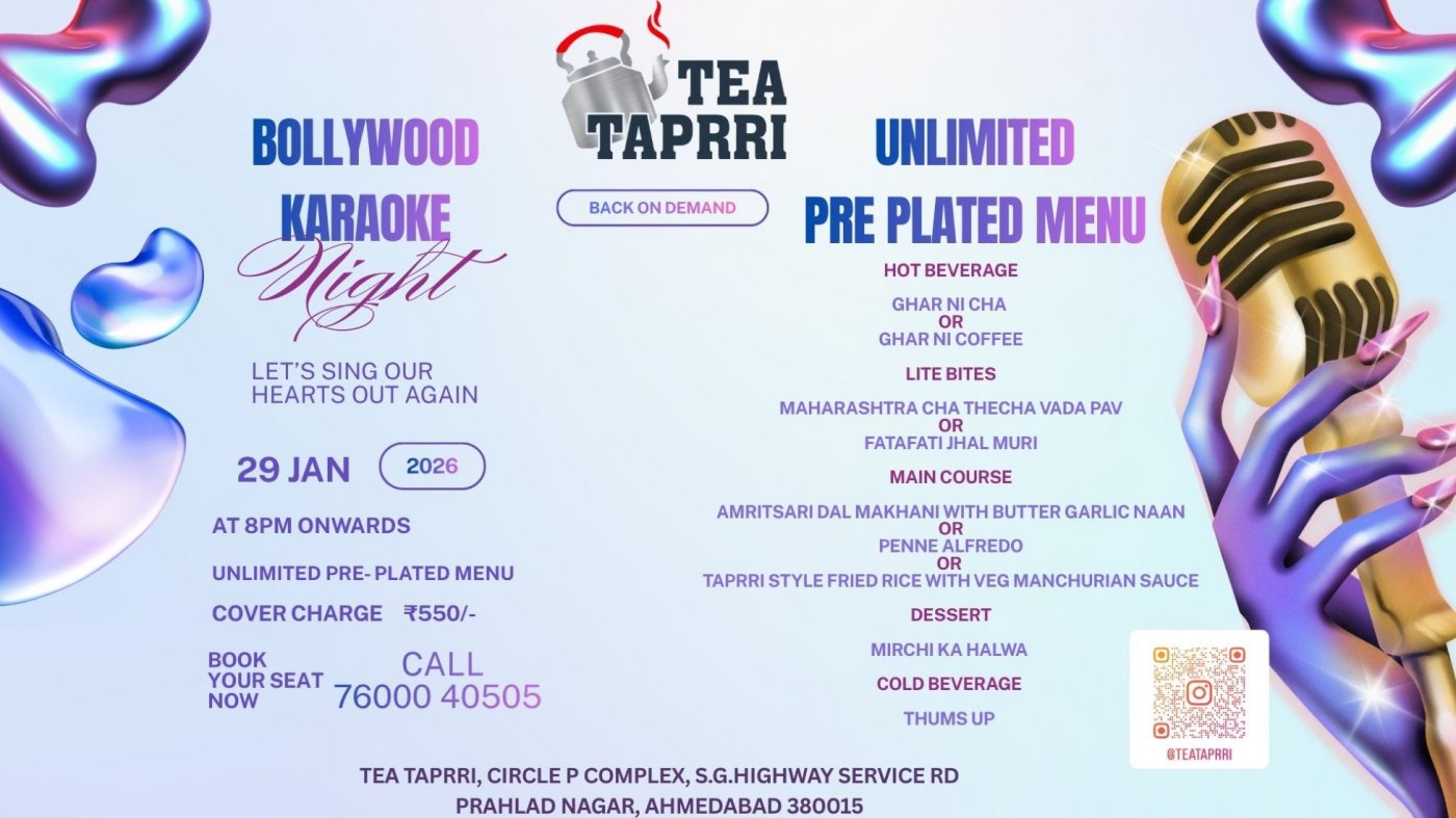 It’s back by popular demand! 😍🎤 Bollywood Karaoke Night @ Tea Taprri
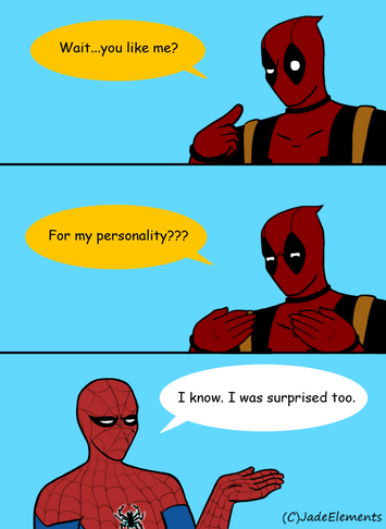 I had a random urge to draw cured Wade from the current Spideypool comic run being flirty. Spidey is not amused. lolRelated content
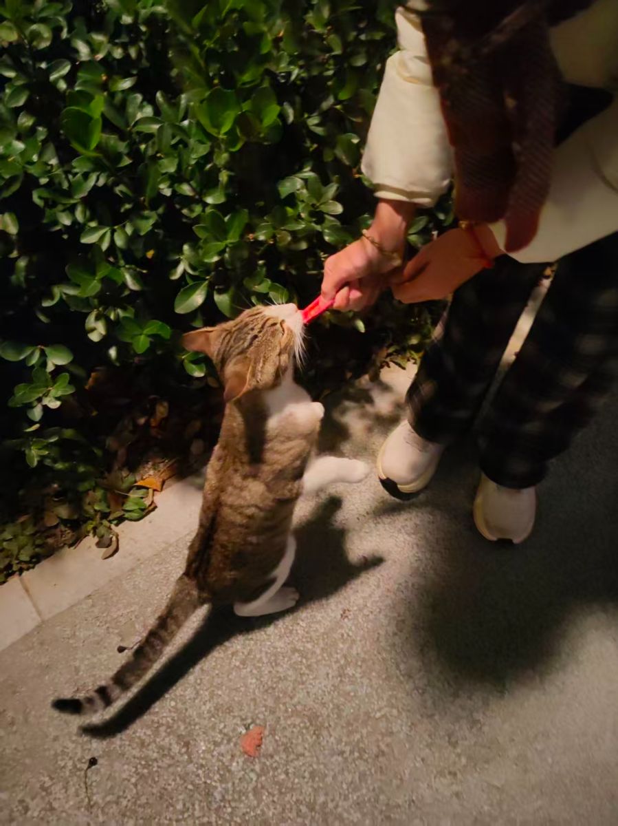 夜晚的路灯在地面投下暖黄的光晕,一只虎斑白脚的小猫站在灰色的水泥路面上,成了这方小天地里最鲜活的主角。它后腿稳稳蹬着地面,前爪微微抬起,整个身子抻得笔直,脑袋使劲向上仰着,鼻尖几乎要碰到人手中的红色小物件,棕色的斑纹在光影里晕开深浅不一的纹路,白色的胸毛和爪子在夜色中格外显眼。
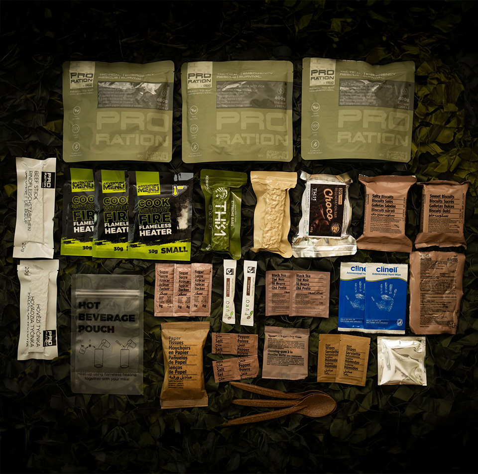 PRO-RATION Tactical are combat rations designed for the 21st century. Tasty, natural, and optimized for compactness and low weight. They combine high-quality main meals, nutritious snacks, supplements, and a flameless heater.
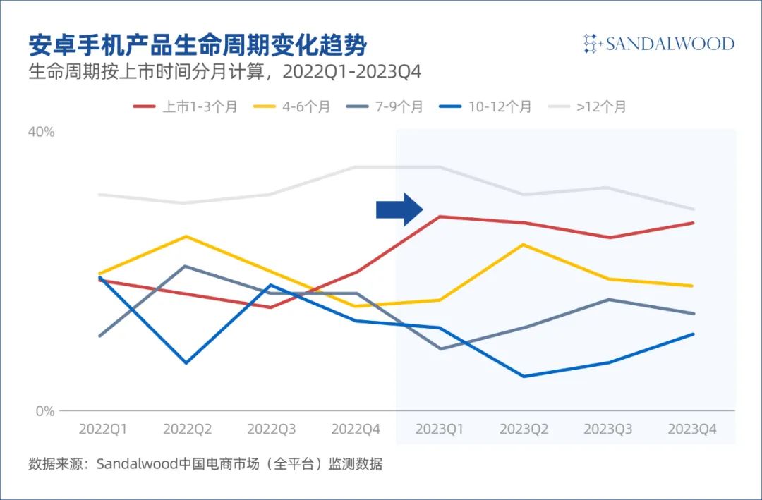 折叠屏手机和安卓中高端手机依然处在新品驱动的阶段。在折叠屏手机领域,上市1-3个月的产品销量占比高达50%以上,高峰时甚至接近70%,表明市场仍非常依赖新品驱动。

==================================================

What is needed is an exact copy of every entry, minus the images.

 It’s back by popular demand! 😍🎤 Bollywood Karaoke Night @ Tea Taprri
 I had a random urge to draw cured Wade from the current Spideypool comic run being flirty. Spidey is not amused. lolRelated content
 夜晚的路灯在地面投下暖黄的光晕,一只虎斑白脚的小猫站在灰色的水泥路面上,成了这方小天地里最鲜活的主角。它后腿稳稳蹬着地面,前爪微微抬起,整个身子抻得笔直,脑袋使劲向上仰着,鼻尖几乎要碰到人手中的红色小物件,棕色的斑纹在光影里晕开深浅不一的纹路,白色的胸毛和爪子在夜色中格外显眼。
 PRO-RATION Tactical are combat rations designed for the 21st century. Tasty, natural, and optimized for compactness and low weight. They combine high-quality main meals, nutritious snacks, supplements, and a flameless heater.
 折叠屏手机和安卓中高端手机依然处在新品驱动的阶段。在折叠屏手机领域,上市1-3个月的产品销量占比高达50%以上,高峰时甚至接近70%,表明市场仍非常依赖新品驱动。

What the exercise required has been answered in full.